Following the Ludlow Massacre in 1914, Edelsohn helped to lead anti-Rockefeller demonstrations in Tarrytown, New York. On the first day of demonstrations, Edelsohn, Arthur Caron, Charles Plunkett, and other anarchists were arrested and charged with disorderly conduct after giving speeches at the public square. At her hearing, Edelsohn was specifically cited for calling John D. Rockefeller Jr. a "multi-murderer". The demonstrators rejected legal counsel and furiously pleaded their own defense, with Edelsohn at the forefront of the group. She denounced the charges as politically motivated, and scornfully dismissed the court as illegitimate: "This town is owned by John D. Rockefeller. We don't expect justice here." She was jailed at Blackwell's Island where she refused to accept any nourishment other than water. In a letter smuggled to Alexander Berkman, she wrote, "I am still sticking to my programme, having fasted over twenty-seven days. I am very weak." This letter prompted Edelsohn's friends to raise the $300 necessary to post a bond for her release.

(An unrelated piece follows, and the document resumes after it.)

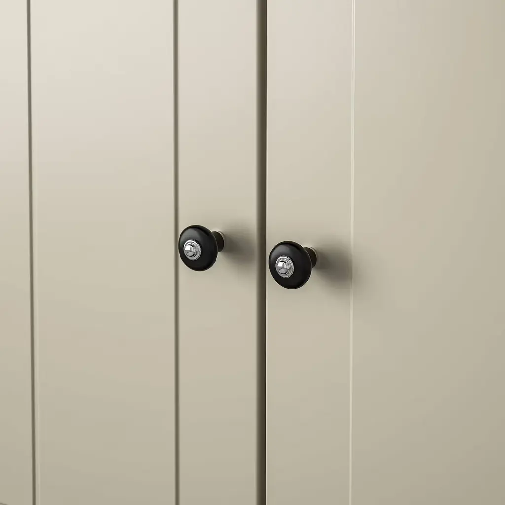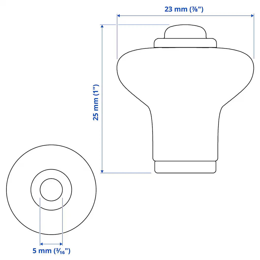 KLINGSTORP Knob - black/chrome plated 7/8 ". These matt black porcelain-look knobs give a traditional touch to your kitchen. The knob is wider at the top to ensure easy gripping. Suitable for doors ½"-¾" thick. Screws included.

Edelsohn married fellow anarchist Charles Plunkett after World War I. Their marriage lasted nine years. The couple had a son.

Edelsohn died of emphysema in 1973.

==Legacy==
Maurice Hollod, an anarchist associated with Mother Earth and the New York Ferrer Center, remembered marching with Edelsohn in a 1972 interview with anarchist historian Paul Avrich:

A black flag was flying, and Becky Edelsohn was marching arm in arm with Charles Plunkett. She was a tremendously fiery person, always two steps ahead of Berkman or Goldman. She called for the immediate destruction of the capitalist system — a real propaganda-of-the-deedist! She was famous for her red stockings, which she was wearing that day. We marched up Fifth Avenue from Union Square to 107th Street. At Fifty-Ninth Street a black limousine was crossing and stopped momentarily for the crowd. Becky opened the door and spat in the face of the plutocrats.